You're reading too much pro-BEV propaganda. They're just spreading FUD and trying to stop people from realizing there are alternatives.
That’s great, but in the real world we care about the actual efficiency.
It is not FUD or propaganda to say that the fuel cell cars you can buy today (or in the next 10 years) are not even close to 100% efficient. Nor is their round trip efficiency better than BEV. Nor or either of those numbers likely to change over that period.
If you cared about actual efficiency, you'd be skeptical of BEVs today. There's no straightforward of powering them directly with renewable energy. You will need vast amounts of energy storage to make that work. That will not be all that efficient. And that's after you accept the huge upfront cost of the batteries and all the problems they entail.
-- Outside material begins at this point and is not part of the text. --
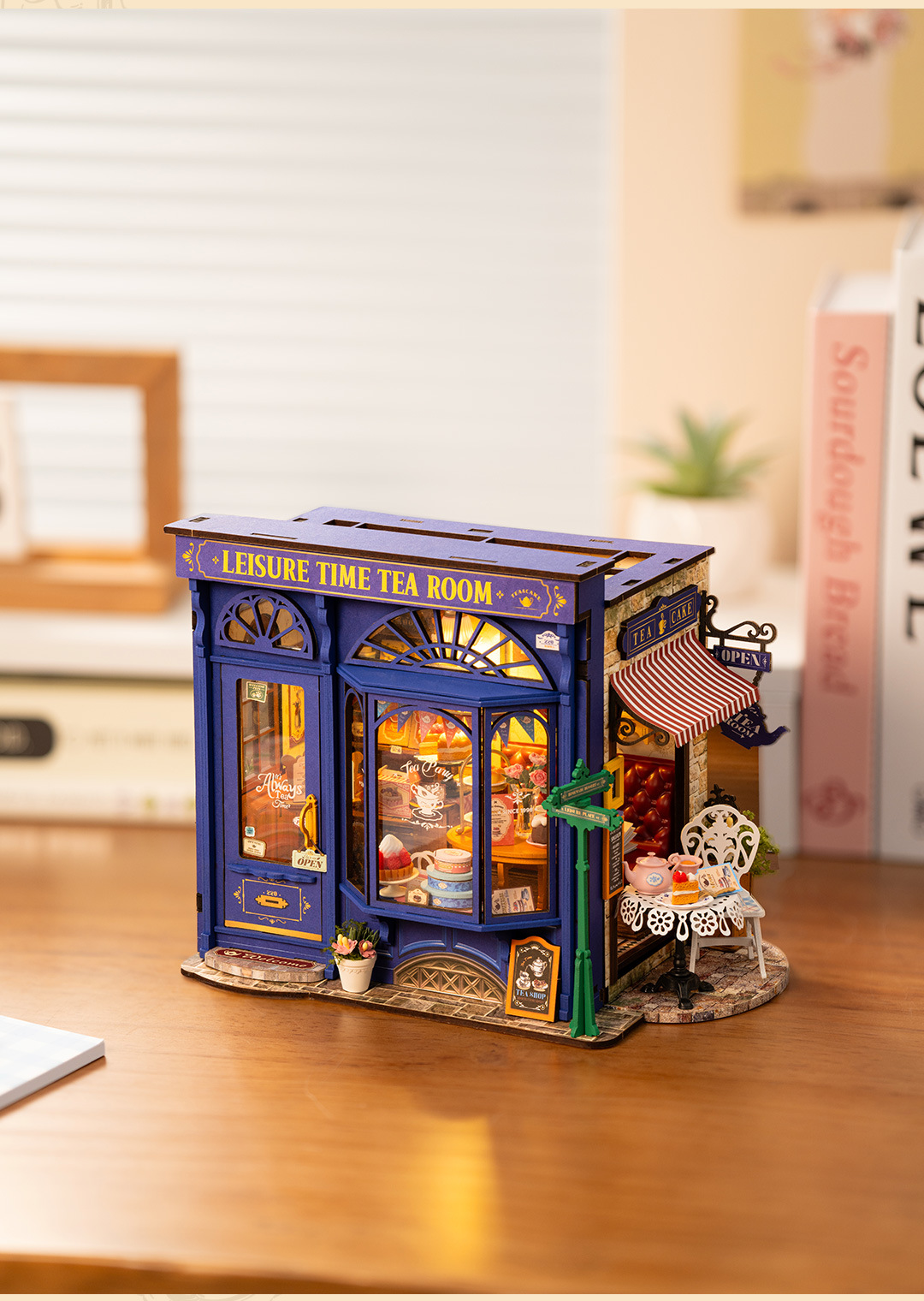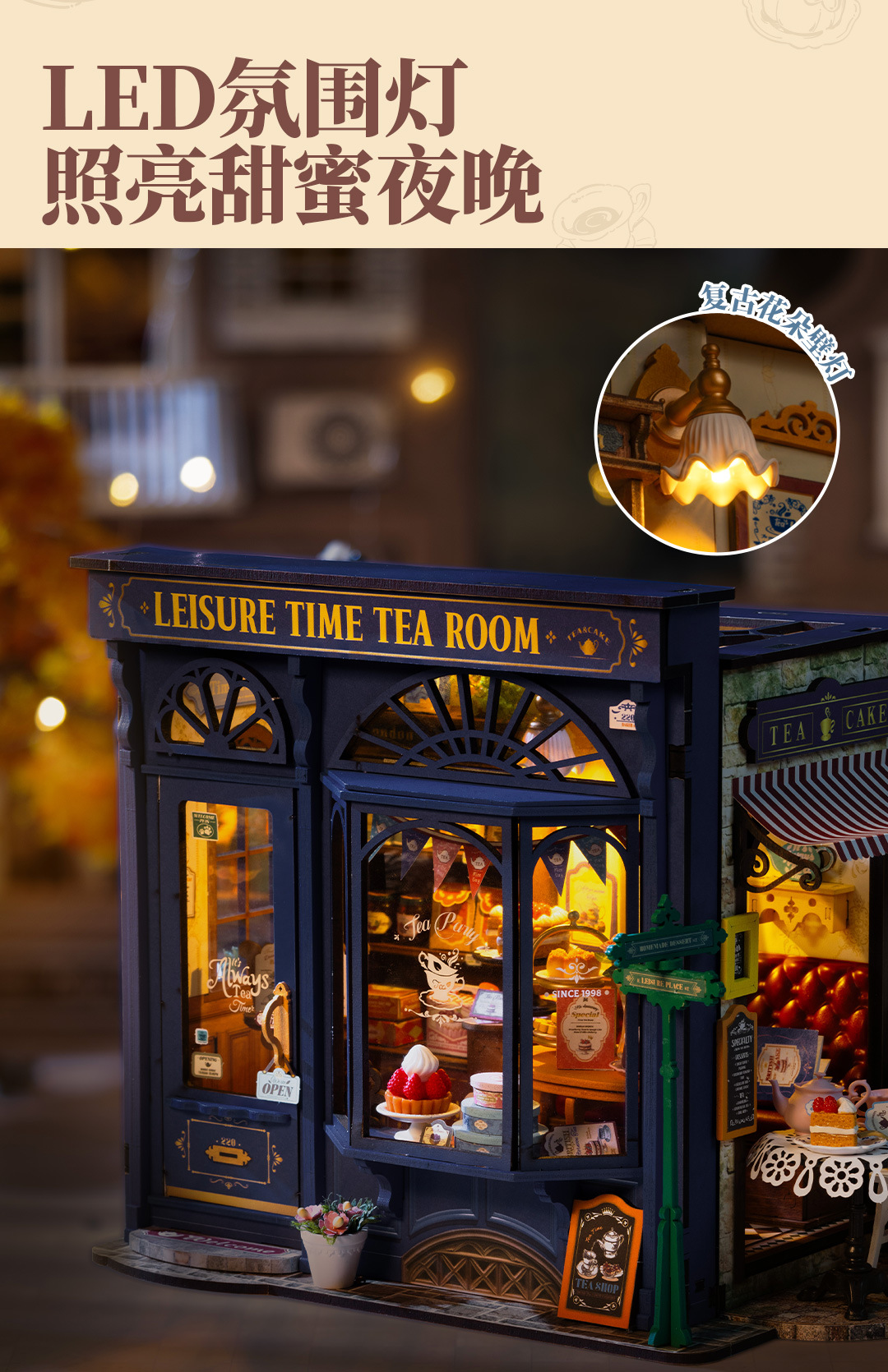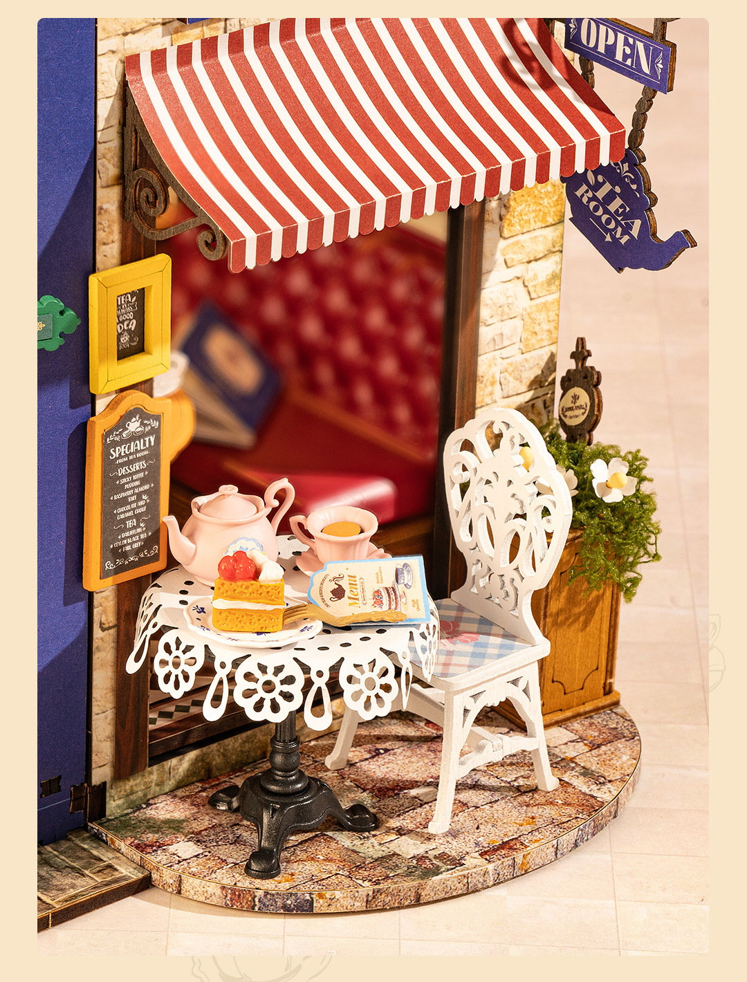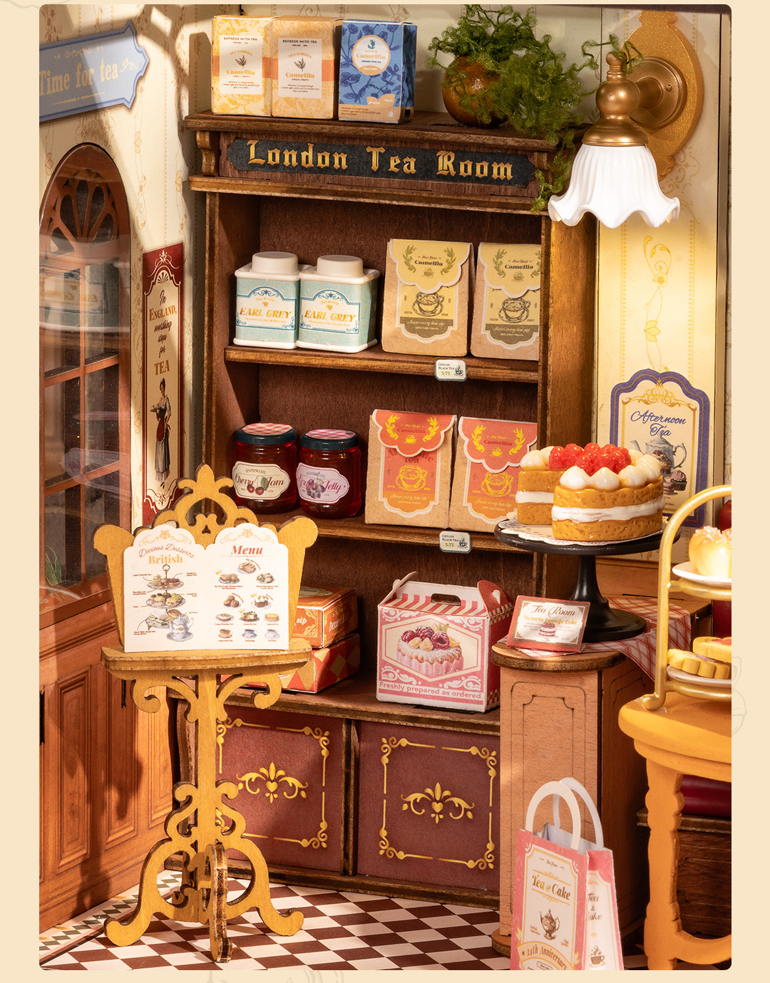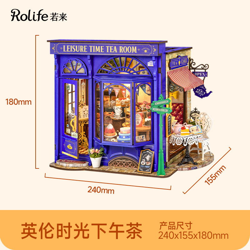Rolife Ruolai 영국 시간 애프터눈 티 DIY 수제 오두막 작은 집 모델 미니 장면 빌딩 블록 여성스토어 가기

Meanwhile, no one is looking at compromise solutions. Something like a PHEV or even a plug-in FCEV would solve a lot of these complaints right away. There are ways around these issues even in the real world.
Finally, it's not like 10 years is that long in the car industry. If FCEVs end up matching BEVs in efficiency in 10 years, that's means we're pretty much at the verge of FCEVs taking over.
Don't try to argue with this guy. He is in every thread about battery claiming hydrogen is the best thing of all time. He has fully bought in to the hydrogen propaganda and doesn't care that the real world doesn't agree with him.
It's a simple extrapolation of the cost reduction in wind and solar energy. If you have an issue with that, then you are basically denying that wind and solar energy have become very cheap.
Then the future is ICE cars because it makes sense to "actual costumers." But that isn't the topic at hand. It is what will make sense, and that can only be hydrogen cars in the long run.
ICE market is getting smaller fast and EV market is growing fast. This is a reality. Of course it doesn't happen in a year, but the trend is clear.
Just like the trend with hydrogen, where things are going absolutely no where and the waste majority of car makers who just 5 years ago were still betting on hydrogen have systematically dropped it.
Even the most hydrogen crazy Toyota expects its global hydrogen sales to be about Tesla production in a month in 2030. And those are optimistic numbers.
But don't let the real world prevent you from believing in easy to produce 100% efficient cars that can be fueled for free. Just keep living in a fantasy world, just stop spreading the lies in HN.
EVs are still a tiny niche. The resource requirements will mean it will be a long time before than can grow beyond that.
Note that BEVs were selling in the thousands only about a decade ago. FCEVs could easily reach the level of sales of BEVs in a short period of time.
The other point is that FCEVs don’t have the resource limitations of BEVs. They can easily exceed current levels of BEVs without serious trouble.
Your problem is that you are closed-minded and stuck in the past. You think that EVs are the future, but that it can only be one type of it. That the world will shift towards a 100% BEV monopoly and that no other type of EV can sell in any number. You can’t even make a coherent argument why this even is. If you want see an example of a person brainwashed by propaganda, that is it.
There has been so much money and time spent on battery research. We are in the incremental phase of battery evolution. There will not likely be any major leap in battery cost or performance.
A battery is a box of minerals with electrochemical reactivity, i.e. it can catch on fire if something goes wrong. More energy from the battery means more minerals, which means higher cost. More reactive chemistries can reduce mineral inputs, but tend to be more expensive or less stable.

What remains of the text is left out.